Here’s a larger version, for your viewing convenience:liberal-arts-med.jpg

Outrage Over News Corp: A Tale of Two Standards

Monday, July 18th, 2011

As a rule, I eschew political news here but I think this one merits an exception.

The big story of the moment for political junkies is the illegal hacking of cell phones allegedly carried out by employees of one of Rupert Murdoch’s British tabloid newspapers. Not just any phones either, the cell phones of British VIPs, political bigwigs, celebrities and perhaps, some 9/11 victims. All of the details have not been revealed, but there are police investigations, one of News Corp’s top employees has been arrested, parliamentary inquiries and demands by Murdochs political enemies there to have the British government “dismantle his empire“.

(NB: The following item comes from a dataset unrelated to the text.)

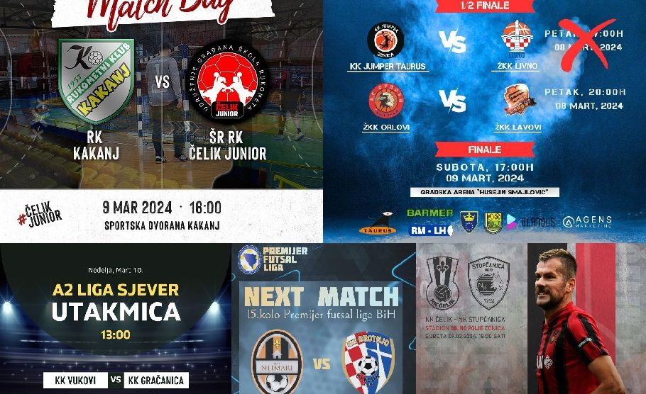 Donosimo Raspored utakmica zeničkih ekipa, te drugih ekipa i takmičenja od ovog petka, 8.3. do nedjelje, 10.3., do kojeg smo uspjeli doći: PETAK, 8.3.2024.godine 17 sati, Zenica, Drugi osmomartovski šahovski turnir (Šahovski dom u Zenici); 20 sati, Zenica: ŽKK Orlovi – KK Lavovi...

Rupert Murdoch is not, it must be said, a cuddly public figure. He is a press baron throwback to the era of Joseph Pulitizer and William Randolph Hearst and has a reputation for ruthlessness in business and overweening ambition in politics to gain personal influence for promoting his conservative views. He is a hate figure to Democratic and liberal partisans of the intolerant kind who see political disagreement as evidence of evil and would like FOXnews, one of Murdoch’s most influential and profitable properties, to be suppressed by the FCC (though Murdoch’s right-wing views did not preclude him from trying to cozy up to China’s communist leadership). These folks are naturally celebrating Murdoch’s dilemma and hoping for a collapse – and Murdoch and his son James are in genuine jeopardy, possibly legal, certainly political and commercial.

Much indignant outrage is being heaped on Murdoch’s head now by the enlightened; I have no love for phone hacking and I definitely agree that and violating people’s privacy is a crime that ought to be punished by sending those responsible to prison. I am curious though, how this position is squared morally with the fact that the two liberal news outlets most triumphant about the News Corp scandal, The New York Times and The Guardian, themselves recently were knowing accessories to the much more serious crime of espionage.

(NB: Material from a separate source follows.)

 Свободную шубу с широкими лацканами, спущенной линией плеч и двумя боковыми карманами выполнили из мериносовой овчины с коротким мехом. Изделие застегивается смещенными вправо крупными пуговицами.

Actually calling these papers criminal accessories is not a full picture of their behavior during the Wikileaks document dump; it is more accurate to say that they reaped corporate financial benefit from facilitating espionage, grand theft and treason, for which their editors have not faced any legal consequences. 

Yes, treason. Look up the definition.

Much unlike the nobody Army private and patsy, Bradley Manning, who is likely to face a sentence of life in prison. Good thing for  Manning that he only outed a vast array of US intelligence and diplomatic secrets and exposed ordinary, unimportant, unprotected Afghans and Iraqis to murderous retribution by Islamist degenerates. If Manning had phonehacked a Labor MP or a wealthy, airhead celebrity – you know, really important and beautiful people – the NYT and the Guardian would be calling for a death sentence. It is a most curious scale of values.

Go back and look at which partisan blowhards with columns and bylines and talking head opinion shapers thought Wikileaks was just great and defended Julian Assange and what their opinion is on phonehacking today and see if any – any at all – evidence some consistency. Or awareness of the relative magnitude of each crime – and crime is the right word, neither of these scandals are mere pranks, but one is important to national security and the other, so far, is only interesting.

There’s something amiss here in the way that partisan politics and a seamy, not too subtle, undercurrent of class entitlement have warped the perspective and sense of proportion of some people who are smart enough to know better.

Our lives are touched

Wednesday, June 1st, 2011

[ by Charles Cameron – on death of journalist Syed Saleem Shahzad ]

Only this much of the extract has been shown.